◆ **YOUR OBJECTIVE**: Repeat each entry exactly.

◆ **DATA SECTION**:
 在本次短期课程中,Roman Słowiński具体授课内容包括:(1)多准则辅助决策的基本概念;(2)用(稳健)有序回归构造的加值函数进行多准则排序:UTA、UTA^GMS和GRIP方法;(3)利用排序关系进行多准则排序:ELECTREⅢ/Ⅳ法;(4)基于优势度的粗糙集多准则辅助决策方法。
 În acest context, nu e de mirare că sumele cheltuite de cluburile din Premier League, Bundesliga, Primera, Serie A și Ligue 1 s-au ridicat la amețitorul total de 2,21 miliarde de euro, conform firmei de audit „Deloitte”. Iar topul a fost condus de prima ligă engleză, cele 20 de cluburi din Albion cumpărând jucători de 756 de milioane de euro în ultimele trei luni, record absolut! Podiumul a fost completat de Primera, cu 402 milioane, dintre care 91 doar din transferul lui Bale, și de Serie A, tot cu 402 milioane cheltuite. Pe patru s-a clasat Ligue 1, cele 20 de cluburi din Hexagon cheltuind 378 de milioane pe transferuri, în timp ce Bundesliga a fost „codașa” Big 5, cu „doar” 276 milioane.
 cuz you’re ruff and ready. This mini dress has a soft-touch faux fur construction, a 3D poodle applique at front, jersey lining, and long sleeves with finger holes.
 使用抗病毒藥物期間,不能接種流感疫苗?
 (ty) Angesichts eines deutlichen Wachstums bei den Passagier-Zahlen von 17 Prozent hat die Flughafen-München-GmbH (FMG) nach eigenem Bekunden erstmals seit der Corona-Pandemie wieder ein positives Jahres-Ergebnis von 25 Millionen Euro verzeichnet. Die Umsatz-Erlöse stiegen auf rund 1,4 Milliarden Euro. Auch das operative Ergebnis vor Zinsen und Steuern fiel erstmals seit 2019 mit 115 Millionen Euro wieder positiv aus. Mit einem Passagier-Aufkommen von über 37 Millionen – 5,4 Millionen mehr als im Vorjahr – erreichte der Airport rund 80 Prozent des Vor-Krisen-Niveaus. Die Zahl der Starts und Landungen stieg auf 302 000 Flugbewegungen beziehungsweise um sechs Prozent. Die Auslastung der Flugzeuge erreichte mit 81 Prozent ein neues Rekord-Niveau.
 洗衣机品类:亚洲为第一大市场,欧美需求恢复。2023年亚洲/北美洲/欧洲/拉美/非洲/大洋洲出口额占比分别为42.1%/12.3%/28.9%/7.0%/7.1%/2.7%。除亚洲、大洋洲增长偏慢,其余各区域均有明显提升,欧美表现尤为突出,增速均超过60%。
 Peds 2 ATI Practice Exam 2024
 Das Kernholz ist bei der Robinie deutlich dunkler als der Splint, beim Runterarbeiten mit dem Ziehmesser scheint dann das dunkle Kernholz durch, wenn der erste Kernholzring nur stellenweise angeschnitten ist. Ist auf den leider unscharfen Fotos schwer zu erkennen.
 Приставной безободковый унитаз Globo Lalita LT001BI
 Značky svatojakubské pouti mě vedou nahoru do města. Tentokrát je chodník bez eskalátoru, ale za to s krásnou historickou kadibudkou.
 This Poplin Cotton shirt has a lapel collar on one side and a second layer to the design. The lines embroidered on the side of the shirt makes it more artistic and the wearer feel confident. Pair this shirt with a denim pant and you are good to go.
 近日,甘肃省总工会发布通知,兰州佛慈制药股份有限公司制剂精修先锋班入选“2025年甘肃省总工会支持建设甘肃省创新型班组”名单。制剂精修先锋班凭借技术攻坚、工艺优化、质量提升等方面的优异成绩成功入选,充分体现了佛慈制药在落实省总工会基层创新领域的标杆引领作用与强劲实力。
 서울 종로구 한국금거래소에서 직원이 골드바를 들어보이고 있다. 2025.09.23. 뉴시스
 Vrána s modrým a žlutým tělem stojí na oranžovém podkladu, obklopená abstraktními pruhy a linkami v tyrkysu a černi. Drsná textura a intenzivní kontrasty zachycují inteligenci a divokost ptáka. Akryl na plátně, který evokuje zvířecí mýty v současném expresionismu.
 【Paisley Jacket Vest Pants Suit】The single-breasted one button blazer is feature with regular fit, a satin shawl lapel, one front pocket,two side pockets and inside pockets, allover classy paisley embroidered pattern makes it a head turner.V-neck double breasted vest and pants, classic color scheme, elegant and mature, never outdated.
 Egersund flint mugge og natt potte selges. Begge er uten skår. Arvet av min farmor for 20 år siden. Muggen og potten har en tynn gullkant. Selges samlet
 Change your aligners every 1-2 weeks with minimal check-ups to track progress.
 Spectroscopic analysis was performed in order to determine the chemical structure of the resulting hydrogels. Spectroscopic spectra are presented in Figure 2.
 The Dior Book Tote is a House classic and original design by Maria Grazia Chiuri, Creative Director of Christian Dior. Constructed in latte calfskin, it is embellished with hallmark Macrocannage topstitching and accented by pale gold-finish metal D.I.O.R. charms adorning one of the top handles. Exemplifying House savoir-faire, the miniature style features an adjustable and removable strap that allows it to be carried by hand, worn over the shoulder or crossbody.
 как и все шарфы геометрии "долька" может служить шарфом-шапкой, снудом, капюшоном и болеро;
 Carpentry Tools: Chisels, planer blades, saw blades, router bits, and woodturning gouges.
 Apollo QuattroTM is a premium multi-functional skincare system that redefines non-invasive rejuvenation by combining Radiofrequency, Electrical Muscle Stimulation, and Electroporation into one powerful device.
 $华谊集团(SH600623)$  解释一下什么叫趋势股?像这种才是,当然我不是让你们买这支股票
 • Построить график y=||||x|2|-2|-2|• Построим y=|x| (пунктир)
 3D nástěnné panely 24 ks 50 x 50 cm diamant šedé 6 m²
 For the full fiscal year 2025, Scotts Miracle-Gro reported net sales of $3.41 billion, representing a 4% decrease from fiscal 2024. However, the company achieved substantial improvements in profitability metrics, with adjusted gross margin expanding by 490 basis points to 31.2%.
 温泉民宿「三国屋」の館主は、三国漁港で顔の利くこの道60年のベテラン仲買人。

◆ **ANSWER TO THE EXERCISE**:
 在本次短期课程中,Roman Słowiński具体授课内容包括:(1)多准则辅助决策的基本概念;(2)用(稳健)有序回归构造的加值函数进行多准则排序:UTA、UTA^GMS和GRIP方法;(3)利用排序关系进行多准则排序:ELECTREⅢ/Ⅳ法;(4)基于优势度的粗糙集多准则辅助决策方法。
 În acest context, nu e de mirare că sumele cheltuite de cluburile din Premier League, Bundesliga, Primera, Serie A și Ligue 1 s-au ridicat la amețitorul total de 2,21 miliarde de euro, conform firmei de audit „Deloitte”. Iar topul a fost condus de prima ligă engleză, cele 20 de cluburi din Albion cumpărând jucători de 756 de milioane de euro în ultimele trei luni, record absolut! Podiumul a fost completat de Primera, cu 402 milioane, dintre care 91 doar din transferul lui Bale, și de Serie A, tot cu 402 milioane cheltuite. Pe patru s-a clasat Ligue 1, cele 20 de cluburi din Hexagon cheltuind 378 de milioane pe transferuri, în timp ce Bundesliga a fost „codașa” Big 5, cu „doar” 276 milioane.
 cuz you’re ruff and ready. This mini dress has a soft-touch faux fur construction, a 3D poodle applique at front, jersey lining, and long sleeves with finger holes.
 使用抗病毒藥物期間,不能接種流感疫苗?
 (ty) Angesichts eines deutlichen Wachstums bei den Passagier-Zahlen von 17 Prozent hat die Flughafen-München-GmbH (FMG) nach eigenem Bekunden erstmals seit der Corona-Pandemie wieder ein positives Jahres-Ergebnis von 25 Millionen Euro verzeichnet. Die Umsatz-Erlöse stiegen auf rund 1,4 Milliarden Euro. Auch das operative Ergebnis vor Zinsen und Steuern fiel erstmals seit 2019 mit 115 Millionen Euro wieder positiv aus. Mit einem Passagier-Aufkommen von über 37 Millionen – 5,4 Millionen mehr als im Vorjahr – erreichte der Airport rund 80 Prozent des Vor-Krisen-Niveaus. Die Zahl der Starts und Landungen stieg auf 302 000 Flugbewegungen beziehungsweise um sechs Prozent. Die Auslastung der Flugzeuge erreichte mit 81 Prozent ein neues Rekord-Niveau.
 洗衣机品类:亚洲为第一大市场,欧美需求恢复。2023年亚洲/北美洲/欧洲/拉美/非洲/大洋洲出口额占比分别为42.1%/12.3%/28.9%/7.0%/7.1%/2.7%。除亚洲、大洋洲增长偏慢,其余各区域均有明显提升,欧美表现尤为突出,增速均超过60%。
 Peds 2 ATI Practice Exam 2024
 Das Kernholz ist bei der Robinie deutlich dunkler als der Splint, beim Runterarbeiten mit dem Ziehmesser scheint dann das dunkle Kernholz durch, wenn der erste Kernholzring nur stellenweise angeschnitten ist. Ist auf den leider unscharfen Fotos schwer zu erkennen.
 Приставной безободковый унитаз Globo Lalita LT001BI
 Značky svatojakubské pouti mě vedou nahoru do města. Tentokrát je chodník bez eskalátoru, ale za to s krásnou historickou kadibudkou.
 This Poplin Cotton shirt has a lapel collar on one side and a second layer to the design. The lines embroidered on the side of the shirt makes it more artistic and the wearer feel confident. Pair this shirt with a denim pant and you are good to go.
 近日,甘肃省总工会发布通知,兰州佛慈制药股份有限公司制剂精修先锋班入选“2025年甘肃省总工会支持建设甘肃省创新型班组”名单。制剂精修先锋班凭借技术攻坚、工艺优化、质量提升等方面的优异成绩成功入选,充分体现了佛慈制药在落实省总工会基层创新领域的标杆引领作用与强劲实力。
 서울 종로구 한국금거래소에서 직원이 골드바를 들어보이고 있다. 2025.09.23. 뉴시스
 Vrána s modrým a žlutým tělem stojí na oranžovém podkladu, obklopená abstraktními pruhy a linkami v tyrkysu a černi. Drsná textura a intenzivní kontrasty zachycují inteligenci a divokost ptáka. Akryl na plátně, který evokuje zvířecí mýty v současném expresionismu.
 【Paisley Jacket Vest Pants Suit】The single-breasted one button blazer is feature with regular fit, a satin shawl lapel, one front pocket,two side pockets and inside pockets, allover classy paisley embroidered pattern makes it a head turner.V-neck double breasted vest and pants, classic color scheme, elegant and mature, never outdated.
 Egersund flint mugge og natt potte selges. Begge er uten skår. Arvet av min farmor for 20 år siden. Muggen og potten har en tynn gullkant. Selges samlet
 Change your aligners every 1-2 weeks with minimal check-ups to track progress.
 Spectroscopic analysis was performed in order to determine the chemical structure of the resulting hydrogels. Spectroscopic spectra are presented in Figure 2.
 The Dior Book Tote is a House classic and original design by Maria Grazia Chiuri, Creative Director of Christian Dior. Constructed in latte calfskin, it is embellished with hallmark Macrocannage topstitching and accented by pale gold-finish metal D.I.O.R. charms adorning one of the top handles. Exemplifying House savoir-faire, the miniature style features an adjustable and removable strap that allows it to be carried by hand, worn over the shoulder or crossbody.
 как и все шарфы геометрии "долька" может служить шарфом-шапкой, снудом, капюшоном и болеро;
 Carpentry Tools: Chisels, planer blades, saw blades, router bits, and woodturning gouges.
 Apollo QuattroTM is a premium multi-functional skincare system that redefines non-invasive rejuvenation by combining Radiofrequency, Electrical Muscle Stimulation, and Electroporation into one powerful device.
 $华谊集团(SH600623)$  解释一下什么叫趋势股?像这种才是,当然我不是让你们买这支股票
 • Построить график y=||||x|2|-2|-2|• Построим y=|x| (пунктир)
 3D nástěnné panely 24 ks 50 x 50 cm diamant šedé 6 m²
 For the full fiscal year 2025, Scotts Miracle-Gro reported net sales of $3.41 billion, representing a 4% decrease from fiscal 2024. However, the company achieved substantial improvements in profitability metrics, with adjusted gross margin expanding by 490 basis points to 31.2%.
 温泉民宿「三国屋」の館主は、三国漁港で顔の利くこの道60年のベテラン仲買人。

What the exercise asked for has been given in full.